The impact of this carnage on world society is devastating.  According to the U.S. Center for Disease Control, traffic accidents are now the leading cause of death for young people around the world.  The respected medical journal, The Lancet, estimates the annual cost of traffic deaths and injuries worldwide at $1.8 trillion – higher than the GNP of all but nine of the world’s richest nations.  Furthermore, the burden of this mayhem on the road is not shared equally between rich and poor nations.  The crash rate is more than three times higher in low-income countries than in those with high income, and the poorer nations bear the lion’s share of the costs of this destruction.
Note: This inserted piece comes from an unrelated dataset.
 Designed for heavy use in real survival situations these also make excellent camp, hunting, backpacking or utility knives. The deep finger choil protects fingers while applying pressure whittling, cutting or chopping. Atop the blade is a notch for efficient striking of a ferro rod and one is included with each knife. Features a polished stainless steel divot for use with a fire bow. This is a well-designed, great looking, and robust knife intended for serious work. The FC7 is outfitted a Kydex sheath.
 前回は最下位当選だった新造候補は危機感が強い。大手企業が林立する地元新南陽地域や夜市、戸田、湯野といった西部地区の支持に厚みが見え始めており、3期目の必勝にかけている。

What is most surprising about this situation is the general lack of public consciousness and concern about it.  Gun deaths, as we know, arouse passionate cries for gun control and passionate defenses of gun ownership.  In the gun-happy U.S., annual deaths from shooting incidents now total more than 40,000.  About the same number of North Americans die in traffic accidents, with 4.4 million injured, but there is virtually no public debate about this violence and very little collective action to remedy it.

In the U.S., the last popular movement to make automobile travel safer was that led by consumer advocate Ralph Nader in the 1960s.  Since then, politicians and auto executives have proposed a variety of measures to lower rates of death and injury, ranging from mandatory seat belts and other car safety improvements to better methods of road construction and maintenance, but the results overall have been negligible. The U.S. still loses more people in traffic accidents each year than were killed in three years of the Korean War. In dollar terms, this destruction costs that nation as much each year as its entire military budget.
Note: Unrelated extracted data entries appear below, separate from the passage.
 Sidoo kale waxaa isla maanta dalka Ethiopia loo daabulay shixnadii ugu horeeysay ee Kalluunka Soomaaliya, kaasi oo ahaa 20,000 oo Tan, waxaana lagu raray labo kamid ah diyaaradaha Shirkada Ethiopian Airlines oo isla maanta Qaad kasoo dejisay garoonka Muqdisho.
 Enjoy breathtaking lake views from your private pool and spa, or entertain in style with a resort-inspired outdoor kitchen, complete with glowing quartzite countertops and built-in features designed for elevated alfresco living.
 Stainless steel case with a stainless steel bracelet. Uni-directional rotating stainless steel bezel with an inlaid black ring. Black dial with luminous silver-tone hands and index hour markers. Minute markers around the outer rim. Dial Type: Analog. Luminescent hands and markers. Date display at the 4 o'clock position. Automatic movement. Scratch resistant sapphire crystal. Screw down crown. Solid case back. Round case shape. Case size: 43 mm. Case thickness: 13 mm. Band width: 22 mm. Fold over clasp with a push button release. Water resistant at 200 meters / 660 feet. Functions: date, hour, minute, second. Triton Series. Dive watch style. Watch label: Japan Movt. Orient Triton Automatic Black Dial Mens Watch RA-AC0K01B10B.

What accounts for the apparent indifference around the world to a calamitous loss of life and millions upon millions of serious injuries?  Johan Galtung points to an answer in his famous 1969 essay on structural violence, “Violence, Peace, and Peace Research”[i].  There he notes that, unlike personal violence in which people intentionally and visibly injure each other, the violence generated by a social system can seem so natural and inevitable that it virtually disappears from people’s consciousness. Consider the horrific physical, psychological, and developmental damage caused by the system of chattel slavery in the United States.  For centuries, this was thought of (if at all) as the inevitable “collateral damage” produced by a flourishing economy that employed millions of people in agriculture, clothing manufacture, shipping, finance, and subsidiary enterprises and that produced cotton, the nation’s primary source of foreign exchange. The protests of a relative handful of abolitionists were largely ignored by those who considered Black people unfit for freedom or who feared the social and economic upheaval that a change of system would entail.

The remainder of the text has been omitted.